When we got home, I kept rereading Lidewij's email. I fought back the urge to cry and break down in front of my laptop. 'The marks humans leave are too often scars' -soon- I thought. 'I love her. I am so lucky to love her, you don't get to choose if you get hurt in this world, but you do have some say in who hurts you. I like my choices. I hope she likes hers.' -really soon, Gus- It kept popping in my head like a mantra, -soon, soon, soon- When bed time came, I had trouble falling asleep. I kept seeing Augustus's face, his unlit cigarette, all the stuff he taught me, our memories, and our little infinity. When exhaustion finally took over me, I slept uneasily. Then I woke up due to a terrible headache and a really hard time breathing. "Mom! Dad!" I shouted with all the strength left in me. They surged into my room, panicking. "Michael! Call 911!" My mom said as my dad hastily took the phone.

"No, mom." I said as I took a deep, painful breath.

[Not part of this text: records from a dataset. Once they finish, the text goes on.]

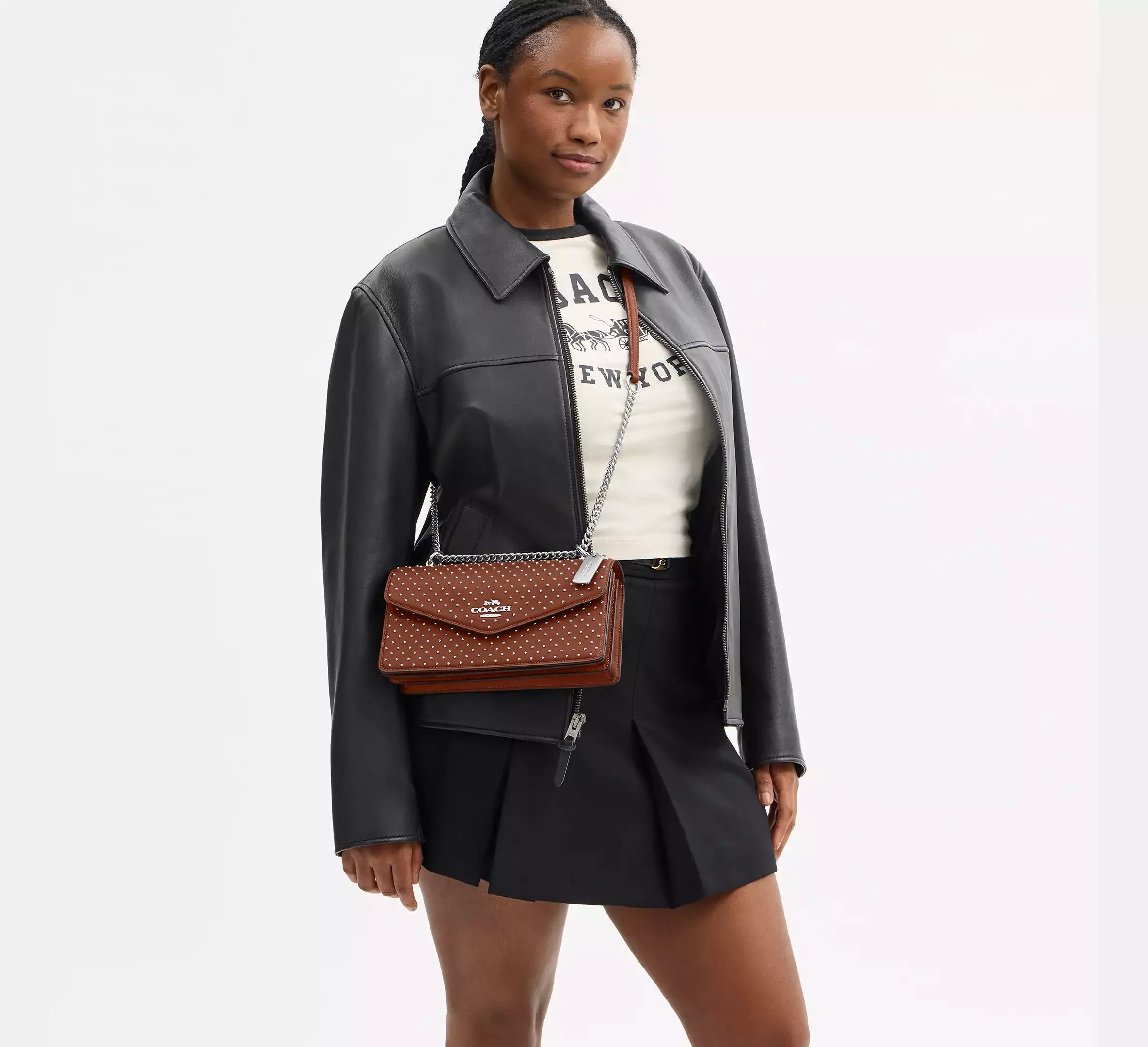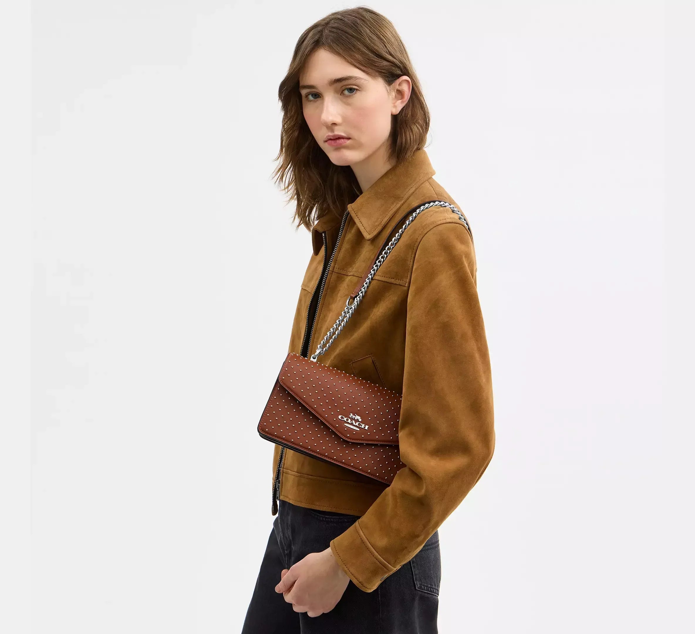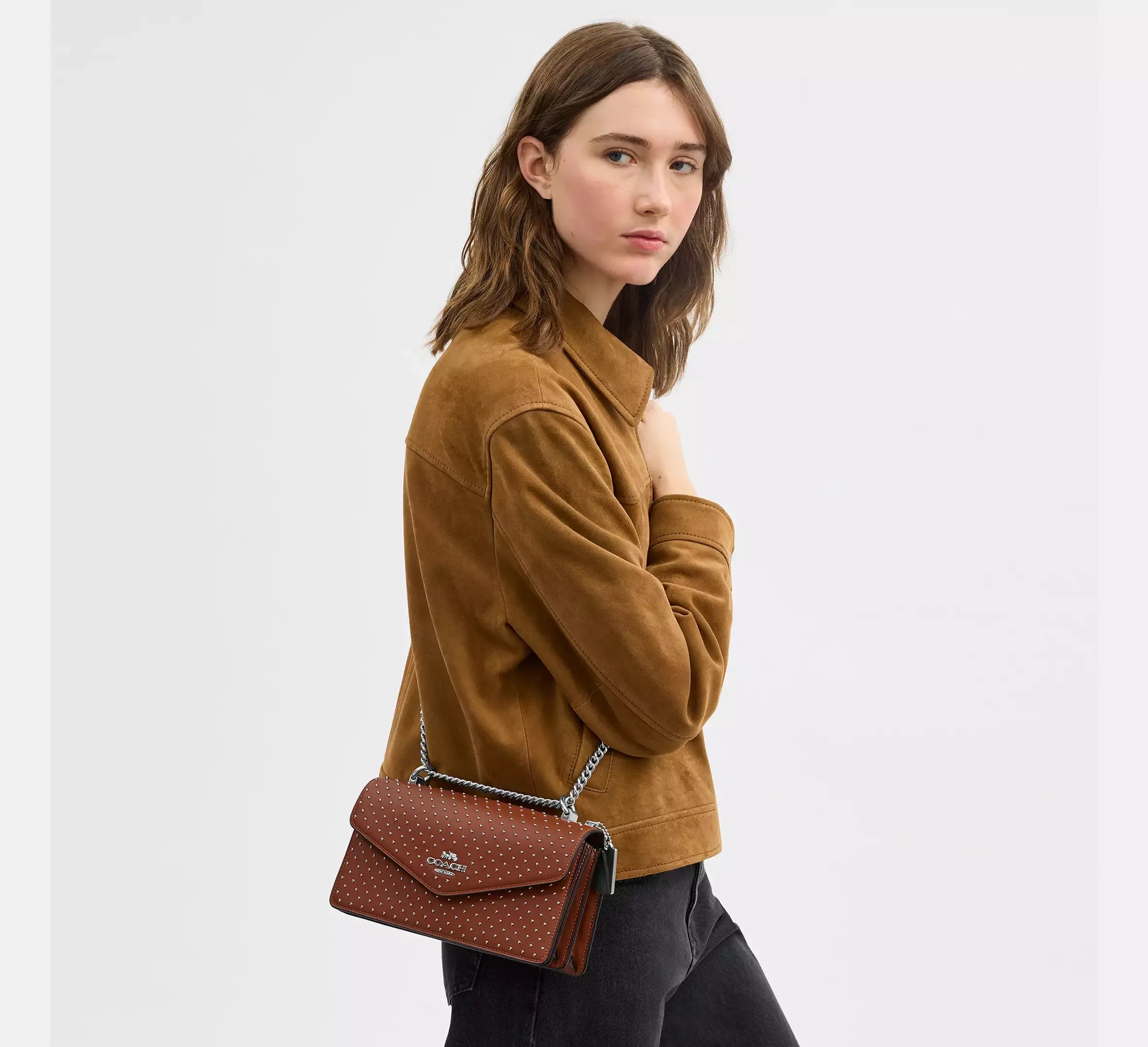 Coach Klare Envelope Crossbody Bag With Rivets – Silver/Pecan
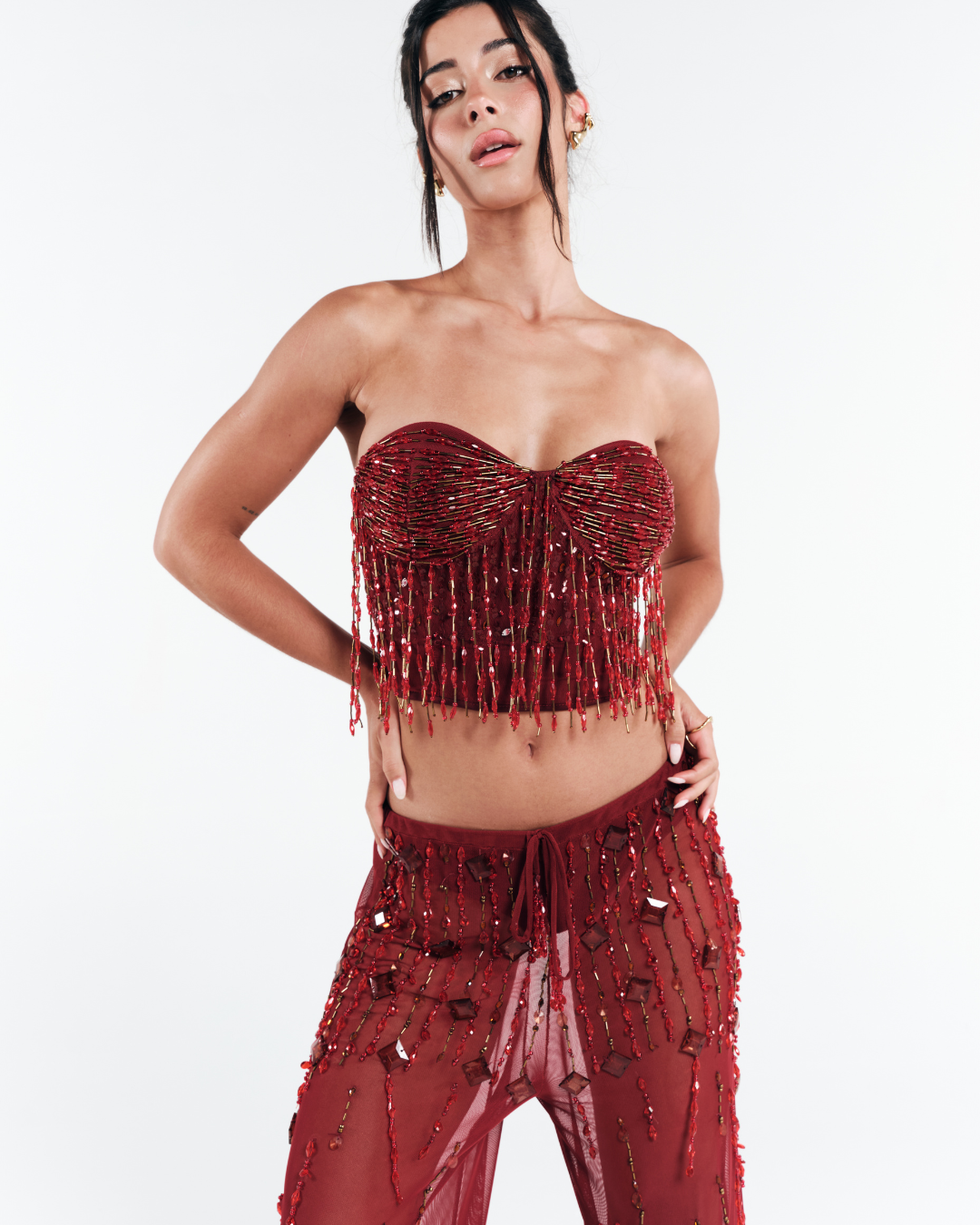 PRAZO DE POSTAGEM: 12 DIAS ÚTEIS. A Calça Bordada é feita em tule vermelho, com modelagem ampla, caimento...
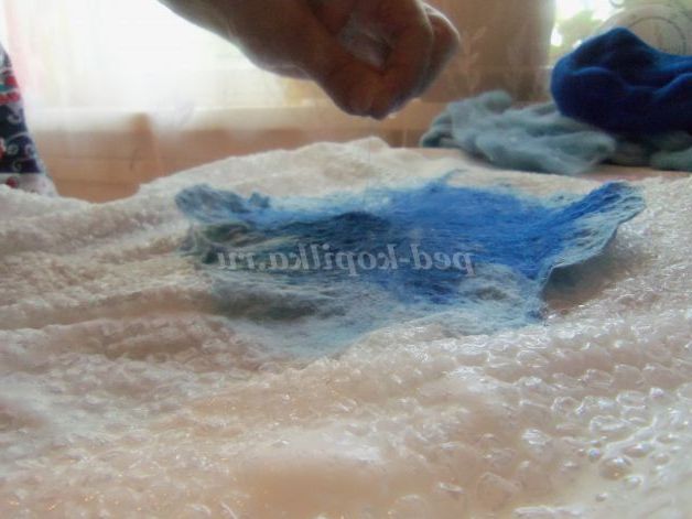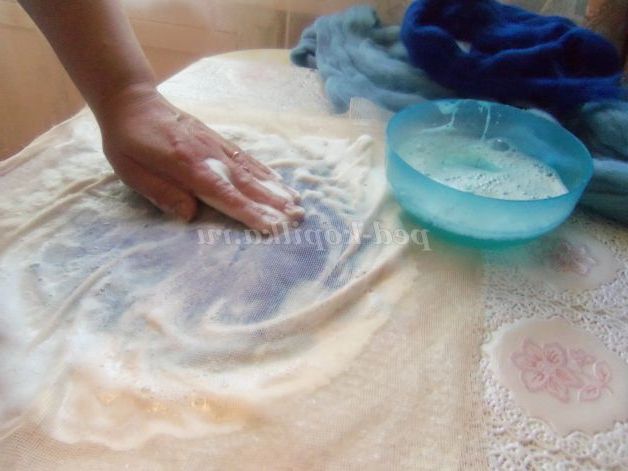 11. Коли шерсть трохи притреться, посилюємо тиск. Починаємо клеїти сильніше, натискаючи на вовну в різних напрямках, так валяем хвилин 20-30
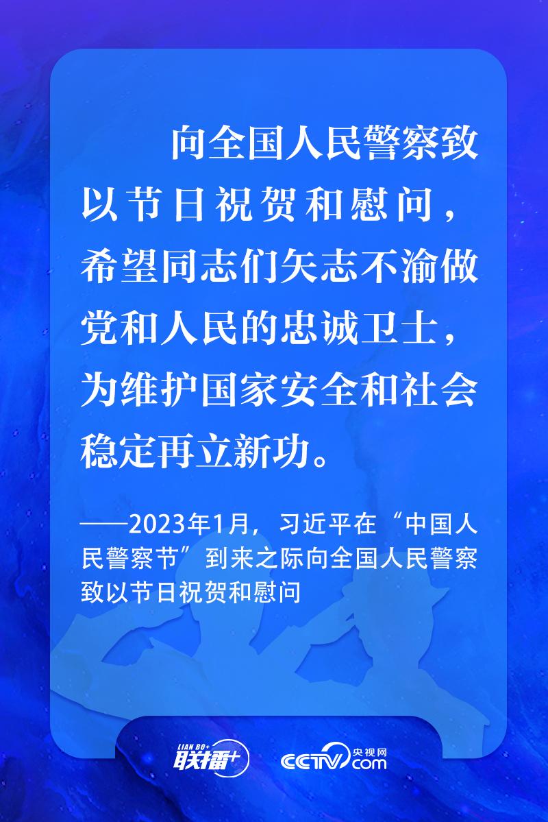 聯(lián)播+“中國人民警察節(jié)”前夕,習近平總書記代表黨中央,向全國人民警察致以節(jié)日祝賀和慰問,希望同志們矢志不渝做黨和人民的忠誠衛(wèi)士,為維護國家安全和社會穩(wěn)定再立新功。

"Hazel, you're in pain! We have to get you to the hospital!" Said my dad as he dialed the number.

"No, dad. It's time." I said.

"Oh, Hazel." Said my mom, her eyes are filling up with tears, and then suddenly she was crying, along with my dad.

"I've fought this long enough. I can't keep living like this anymore, you have to set me free." I said, as my breathing got harsher and louder.

"We're sorry. We just couldn't live without you, it's just gonna be so different..." Said my mom.

"I know," I said. "But we all know I'll never truly leave, I'll always be right here."

"Where?" They said in unison.

I pointed at their hearts. "Right there." I said, then smiled at them, unintentionally making them cry more.

"I love you, Hazel." Said my dad.

"And I love you, dad. I love you too, mom." I said with a rough voice.

I was about to say more, when a blinding light appeared in front of me. And within a split second, he was there, Augustus Waters, Gus, MY Gus, the star crossed love of my life. He never looked better. He looks alive and well, his prosthetic leg gone. He's now perfectly healthy.

"Hello, Hazel Grace. I've missed you so much" he said. With the endearing voice I've always loved.

"Oh, Gus. I've missed you so much too." I said as I burst into tears. I realized that breathing's getting easier.

"Are you ready?" He said.

"Yes." I replied.

"We'll never be separated again. Together forever, Hazel Grace. Okay?" He said as he outstretched his hand, waiting for mine.

"Okay." I said as I took his hand, and let everything go.